We launched the Hotstar ad server a few weeks ago that allows smaller advertisers to connect with us directly. Our objective is not to cut out the agencies. Agencies have been great partners for us. They have had huge belief in what we are doing. But I believe Google and Facebook have done a phenomenal job; you do have to have a platform for smaller advertisers who may not have the scale of the marketing spend or even the capabilities to hire these types of agencies. It is early days and we are saying that a small advertiser in a small town of India or an early-stage start up should have the same access to Hotstar as the largest marketer, which is Unilever.  

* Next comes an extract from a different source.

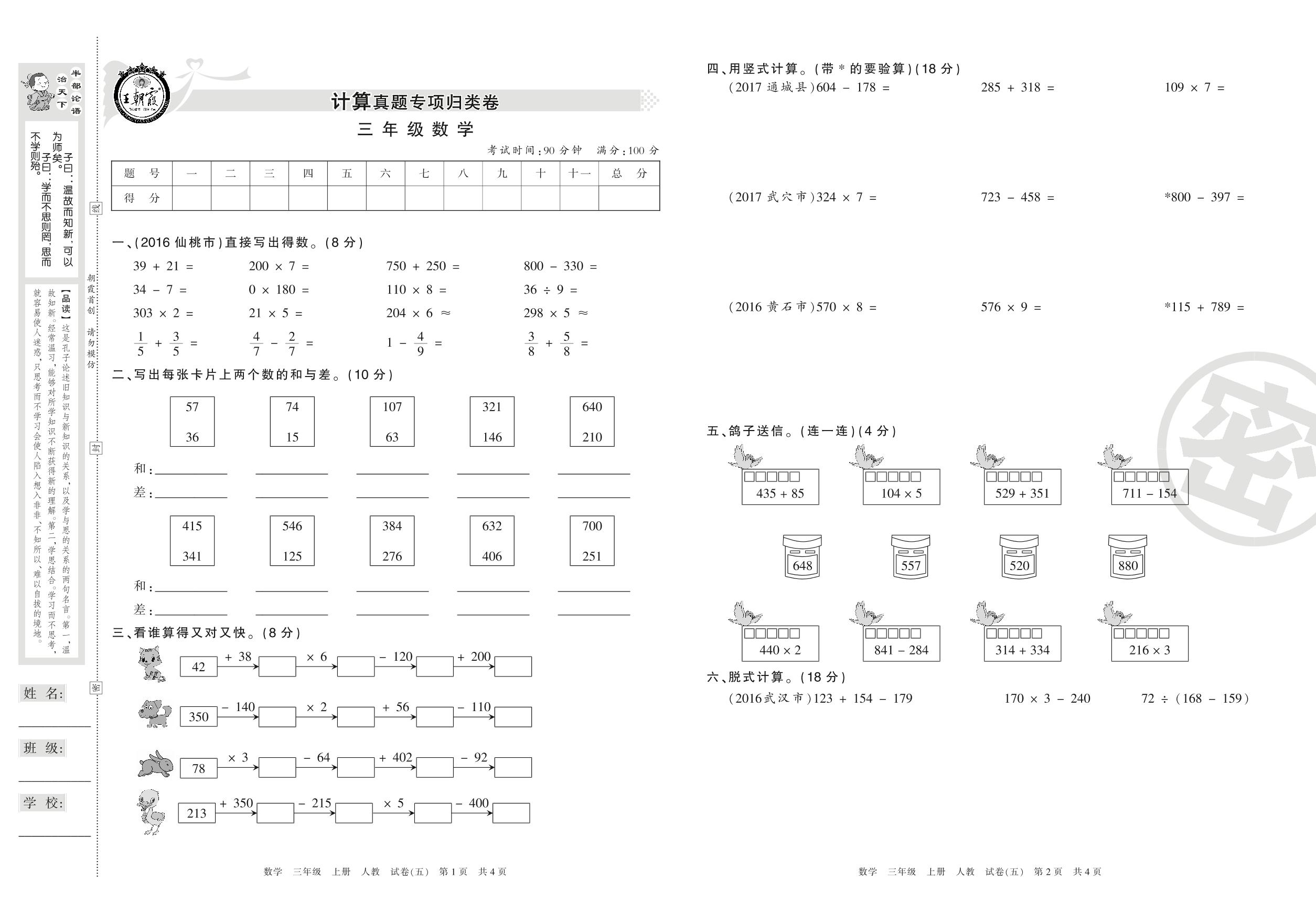 王朝霞期末专项卷三年级上册数学(人教版)_R210804105119【5】

We have been successful in commanding a premium because of the advertiser proposition I spoke about. But I think as the market expands dramatically, I think it is an open question where will CPMs land.

What is your view on subscription?

On the subscription side, just as there was skepticism that India was ready for online streaming, there is skepticism whether Indians will pay for it. And we are taking on the mantle and as a leader we are saying: if you create differentiated content, we do believe subscription can take off in India. And I think that party started with American shows and movies. We do believe that we have the best English proposition in India. We believe that the best American films and TV shows, and live sports and local TV shows being made available to users before they watch on TV, I think we are going at it a lot more aggressively. The early focus of the first three years was on building the platform, getting tech right, building up the scale. We have 15 million users this month, that is massive scale.